Entries shown:
• • • • •

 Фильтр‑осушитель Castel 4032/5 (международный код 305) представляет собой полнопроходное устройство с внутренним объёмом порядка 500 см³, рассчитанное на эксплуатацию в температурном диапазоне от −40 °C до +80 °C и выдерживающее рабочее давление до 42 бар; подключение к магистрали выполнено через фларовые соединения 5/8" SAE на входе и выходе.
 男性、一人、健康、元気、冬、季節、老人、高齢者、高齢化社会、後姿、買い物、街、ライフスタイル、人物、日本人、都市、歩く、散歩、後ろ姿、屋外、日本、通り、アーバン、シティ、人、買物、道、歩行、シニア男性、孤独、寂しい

• • • • •

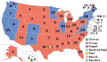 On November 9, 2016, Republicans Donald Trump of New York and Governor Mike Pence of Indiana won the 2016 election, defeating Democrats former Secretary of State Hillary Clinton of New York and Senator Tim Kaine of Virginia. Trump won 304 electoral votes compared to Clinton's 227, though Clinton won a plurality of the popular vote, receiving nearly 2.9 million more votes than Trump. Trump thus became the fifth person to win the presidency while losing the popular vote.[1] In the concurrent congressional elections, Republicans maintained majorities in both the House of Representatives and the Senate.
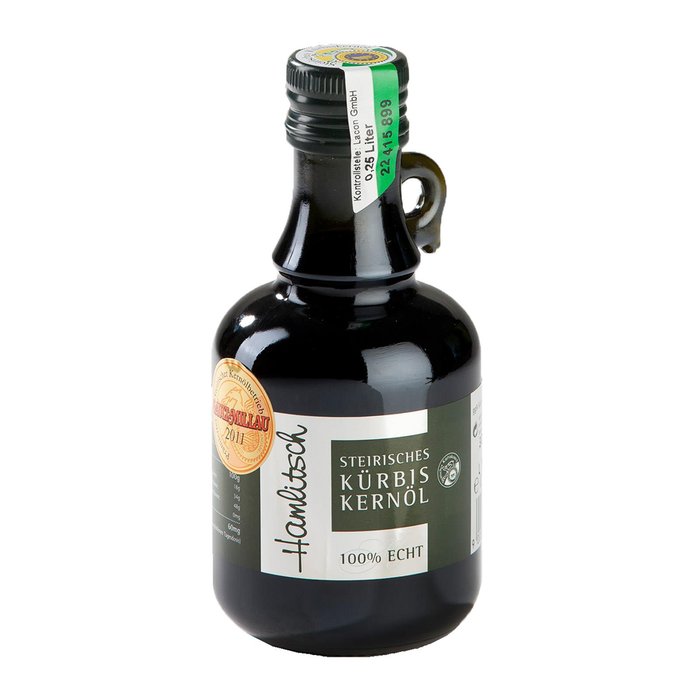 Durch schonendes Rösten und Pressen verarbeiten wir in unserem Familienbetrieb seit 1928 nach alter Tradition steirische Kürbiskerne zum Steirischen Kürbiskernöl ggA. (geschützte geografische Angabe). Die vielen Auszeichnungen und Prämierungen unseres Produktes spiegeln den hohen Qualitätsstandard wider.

• • • • •

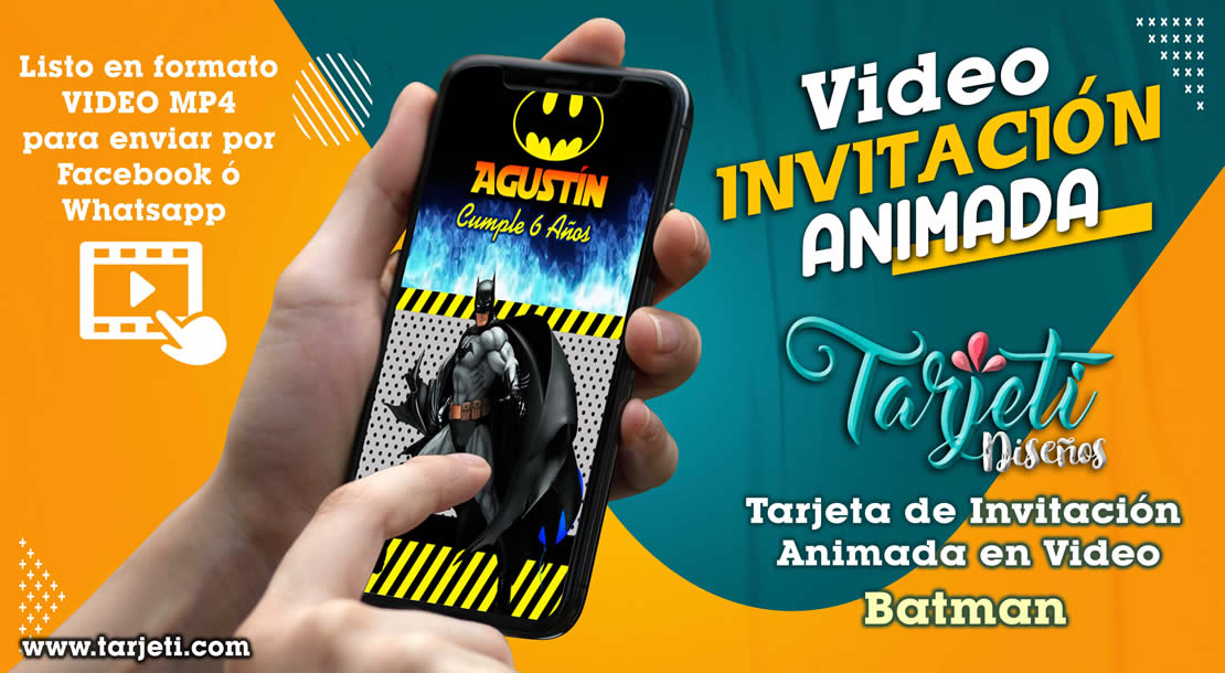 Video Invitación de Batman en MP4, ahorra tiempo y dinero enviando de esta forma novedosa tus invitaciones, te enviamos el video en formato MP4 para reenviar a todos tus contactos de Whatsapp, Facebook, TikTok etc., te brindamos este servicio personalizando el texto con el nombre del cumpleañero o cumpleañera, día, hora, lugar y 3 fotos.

• • • • •

Instructions for the task: Every line above from the line with "Фильтр‑осушитель Castel 4032/5" to the line with "男性、一人、健康、元気、冬、", both included, must be reproduced exactly, and no other line may appear.

Answer space:
 Фильтр‑осушитель Castel 4032/5 (международный код 305) представляет собой полнопроходное устройство с внутренним объёмом порядка 500 см³, рассчитанное на эксплуатацию в температурном диапазоне от −40 °C до +80 °C и выдерживающее рабочее давление до 42 бар; подключение к магистрали выполнено через фларовые соединения 5/8" SAE на входе и выходе.
 男性、一人、健康、元気、冬、季節、老人、高齢者、高齢化社会、後姿、買い物、街、ライフスタイル、人物、日本人、都市、歩く、散歩、後ろ姿、屋外、日本、通り、アーバン、シティ、人、買物、道、歩行、シニア男性、孤独、寂しい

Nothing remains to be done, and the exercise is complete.